Breakpoint 1, 0x0000555555555050 in ?? ()
We are now at the entry point, but not yet at main(). So, we keep pushing and examine the next few instructions.
gef➤ x /15i $rip
=> 0x555555555050: endbr64
0x555555555054: xor ebp,ebp
0x555555555056: mov r9,rdx
0x555555555059: pop rsi
0x55555555505a: mov rdx,rsp
0x55555555505d: and rsp,0xfffffffffffffff0
0x555555555061: push rax
0x555555555062: push rsp
0x555555555063: xor r8d,r8d
0x555555555066: xor ecx,ecx
0x555555555068: lea rdi,[rip+0xda] # 0x555555555149
0x55555555506f: call QWORD PTR [rip+0x2f4b] # 0x555555557fc0
0x555555555075: hlt
0x555555555076: cs nop WORD PTR [rax+rax*1+0x0]
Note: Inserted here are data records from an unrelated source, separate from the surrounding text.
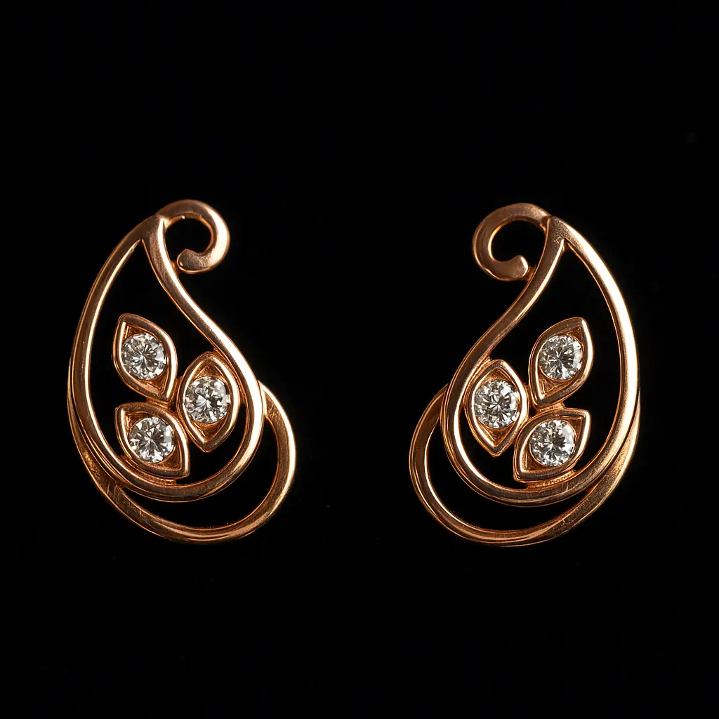Paisley stud earrings crafted with silver alloy, premium gold polish, and American diamonds, designed in a graceful pattern that symbolizes tradition with a modern twist. Their shimmering stones sparkle with every movement, while the polished finish adds a luxurious appeal. Perfect for women who love timeless accessories that pair beautifully with both ethnic and western attire.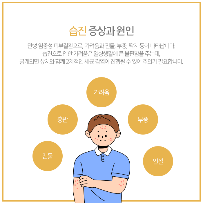 습진은 특정한 질병을 의미하기 보다는 여러가지 증상들을 포함해 피부에 염증이 생긴 것을 말합니다. 대표적인 습진 질환에는 아토피피부염, 화폐상습진, 유두습진, 접촉성 피부염 등이 있습니다.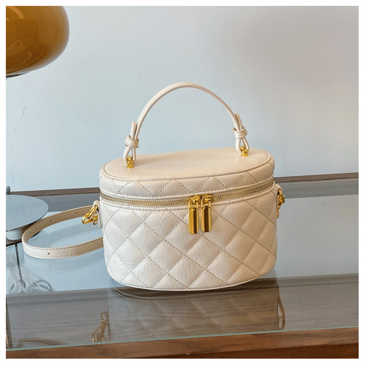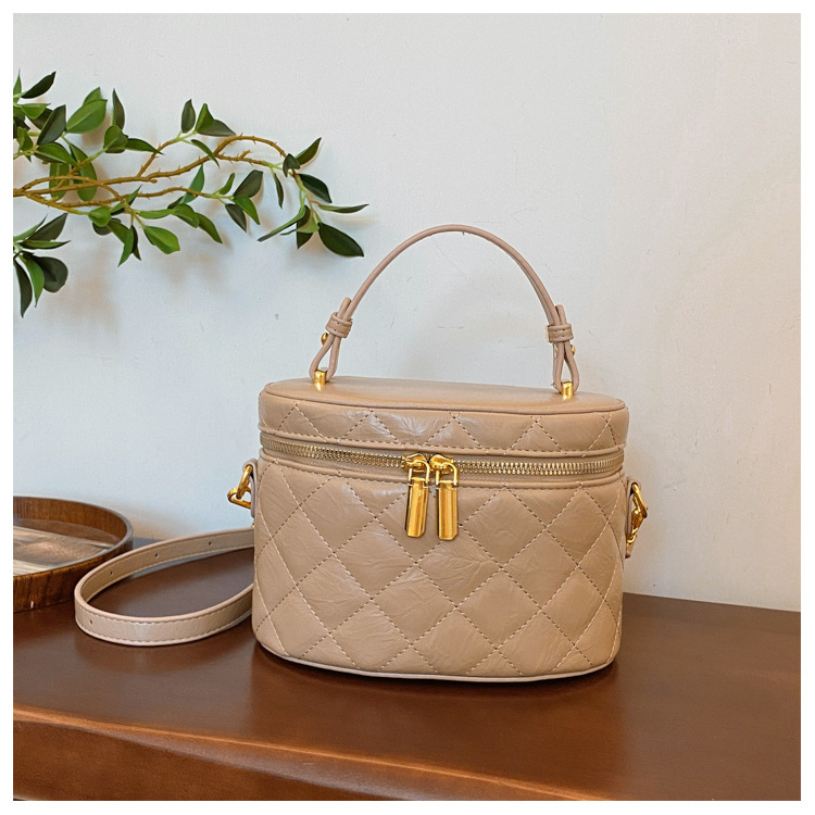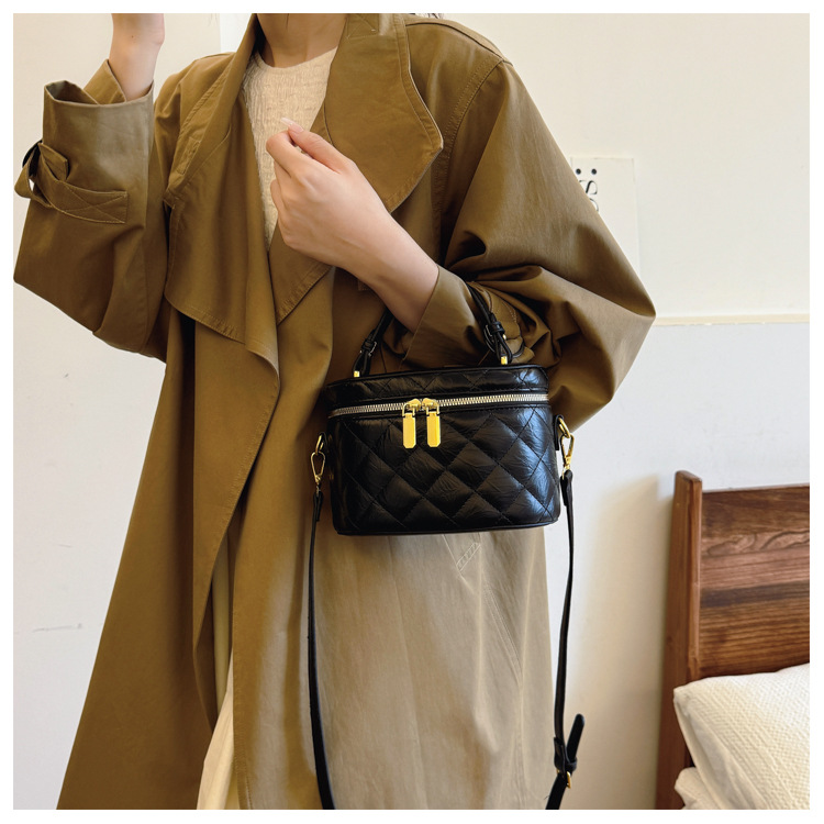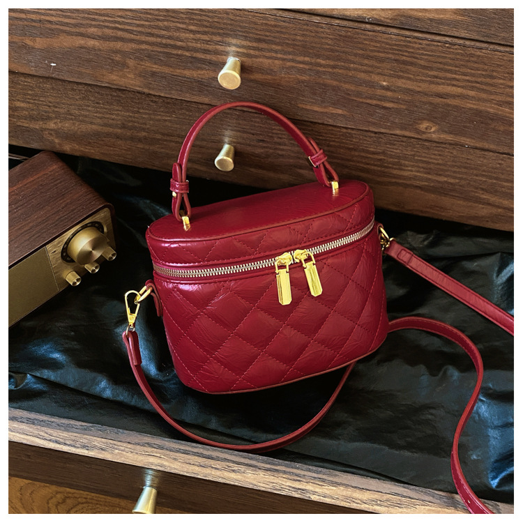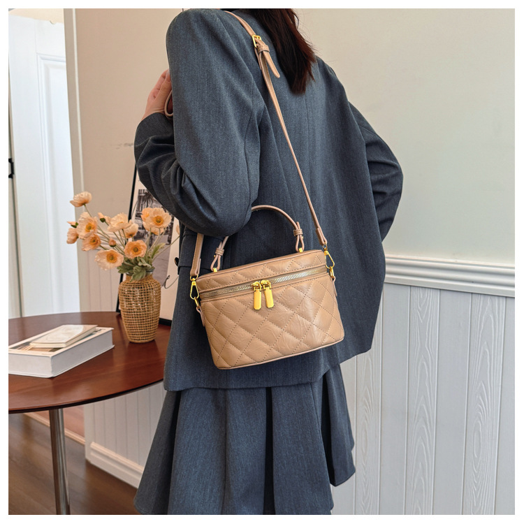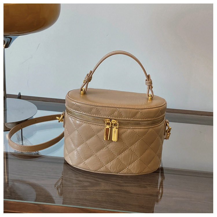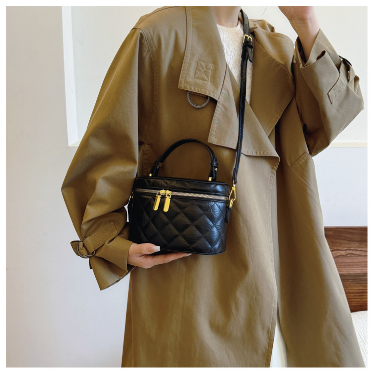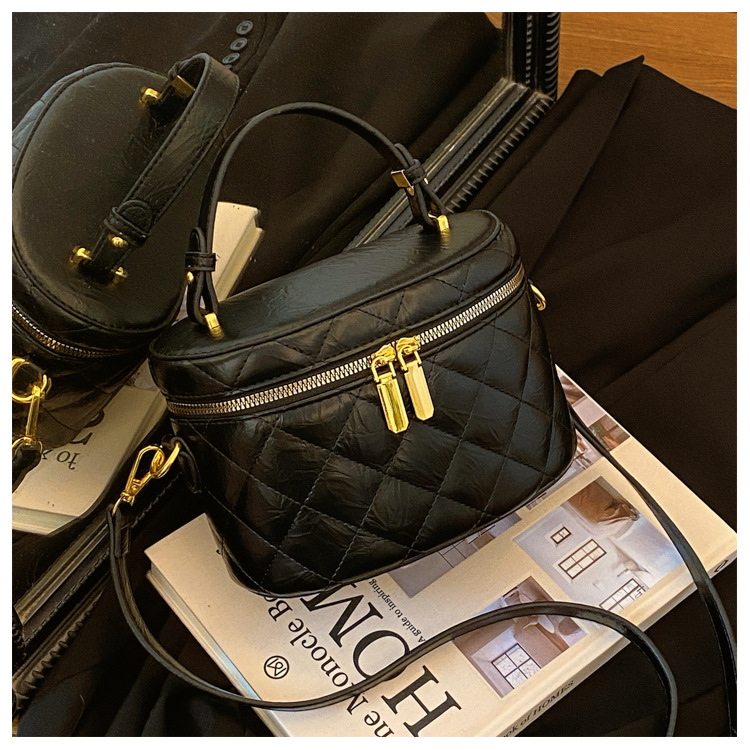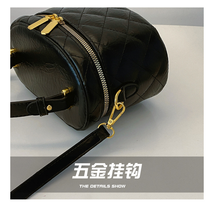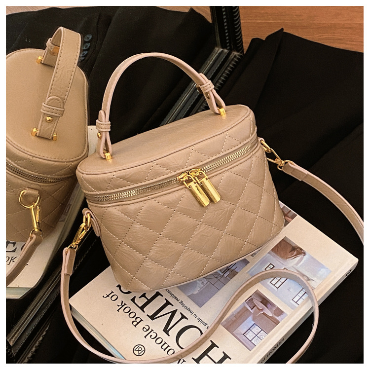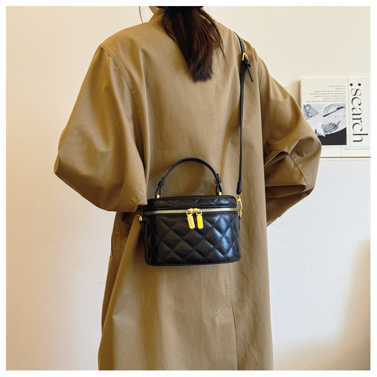 网红流行简约手提包女包2025新款菱格纹质感盒子水桶包小巧斜挎包

0x555555555080: lea rdi,[rip+0x2f99] # 0x555555558020
At instruction 0x55555555506f we identify the call to __libc_start_main, which is located at the address loaded into register rdi in the previous instruction. So, we break at 0x5555555551f9 and continue execution.
gef➤ b *0x555555555149
Breakpoint 2 at 0x555555555149
gef➤ c
Continuing.
Breakpoint 2, 0x0000555555555149 in ?? ()
Examining the next few instructions, we see the familiar function prologue and epilogue, as well as markers for the functions in our program.
gef➤ x/15i $rip
=> 0x555555555149: push rbp
0x55555555514a: mov rbp,rsp
0x55555555514d: call 0x555555555040 <geteuid@plt>
0x555555555152: mov esi,eax
0x555555555154: lea rax,[rip+0xea9] # 0x555555556004
0x55555555515b: mov rdi,rax
0x55555555515e: mov eax,0x0
0x555555555163: call 0x555555555030 <printf@plt>
0x555555555168: mov eax,0x0
0x55555555516d: pop rbp
0x55555555516e: ret
0x55555555516f: add bl,dh
0x555555555171: nop edx
0x555555555174: sub rsp,0x8
0x555555555178: add rsp,0x8
Terrific! We finally made it to our main() function, and can now begin actually reversing (although there isn't much to reverse in our toy UID example).